First find the line with "Estructura metálica: pórticos", then reproduce it and all following lines of the data to the end, exactly and with no pictures, adding nothing.
=== Source material ===
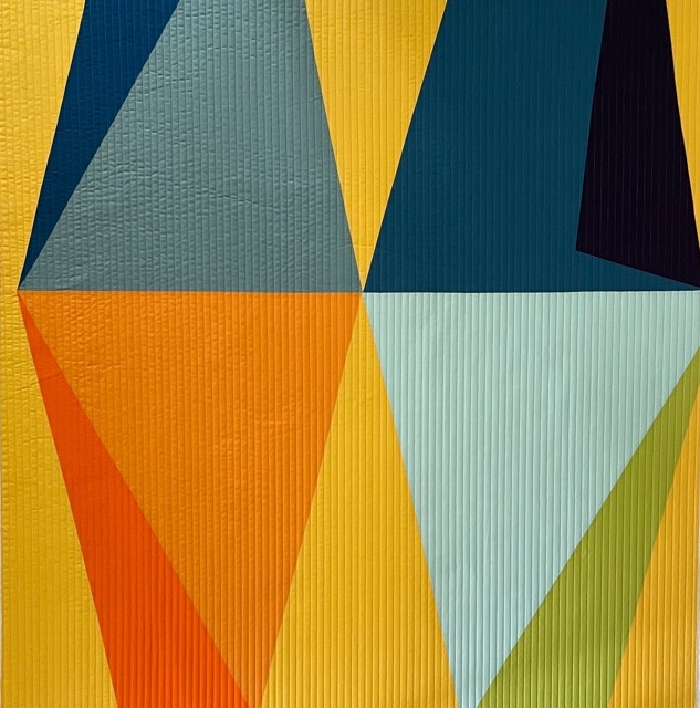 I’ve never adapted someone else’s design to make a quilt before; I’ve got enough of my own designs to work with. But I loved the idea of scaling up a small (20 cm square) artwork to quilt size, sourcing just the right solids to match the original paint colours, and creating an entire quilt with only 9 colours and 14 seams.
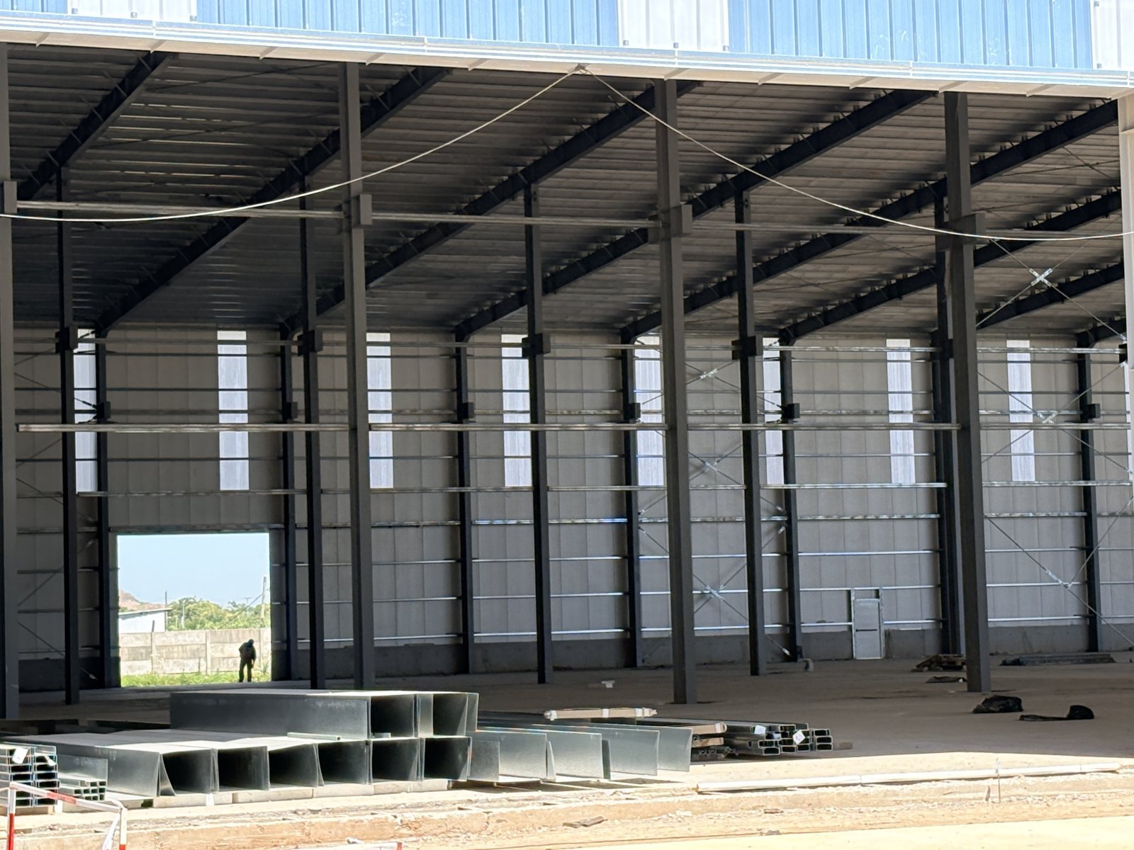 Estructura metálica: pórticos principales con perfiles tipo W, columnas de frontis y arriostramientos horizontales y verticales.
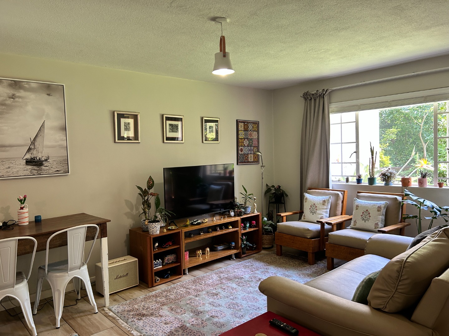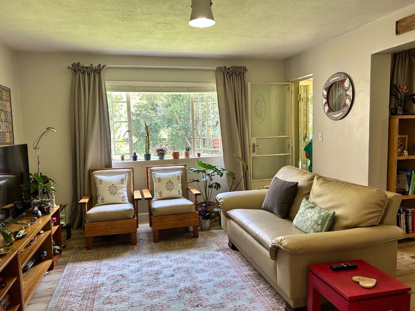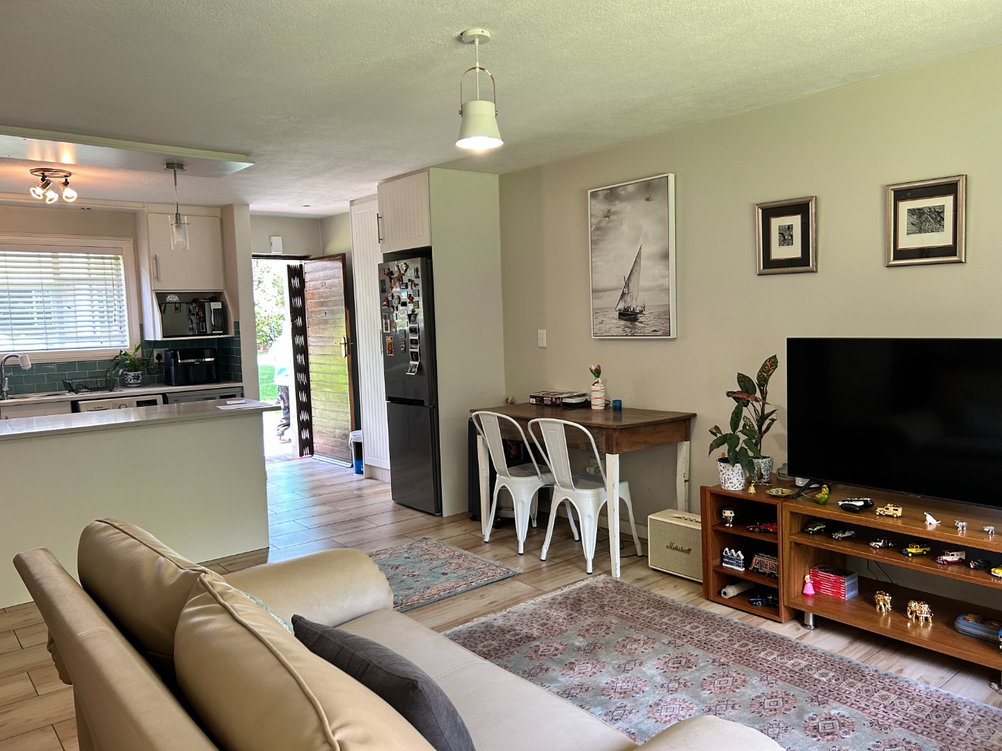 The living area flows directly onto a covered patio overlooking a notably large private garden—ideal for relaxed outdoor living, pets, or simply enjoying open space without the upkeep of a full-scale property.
===
■ **Response area**
 Estructura metálica: pórticos principales con perfiles tipo W, columnas de frontis y arriostramientos horizontales y verticales.
 The living area flows directly onto a covered patio overlooking a notably large private garden—ideal for relaxed outdoor living, pets, or simply enjoying open space without the upkeep of a full-scale property.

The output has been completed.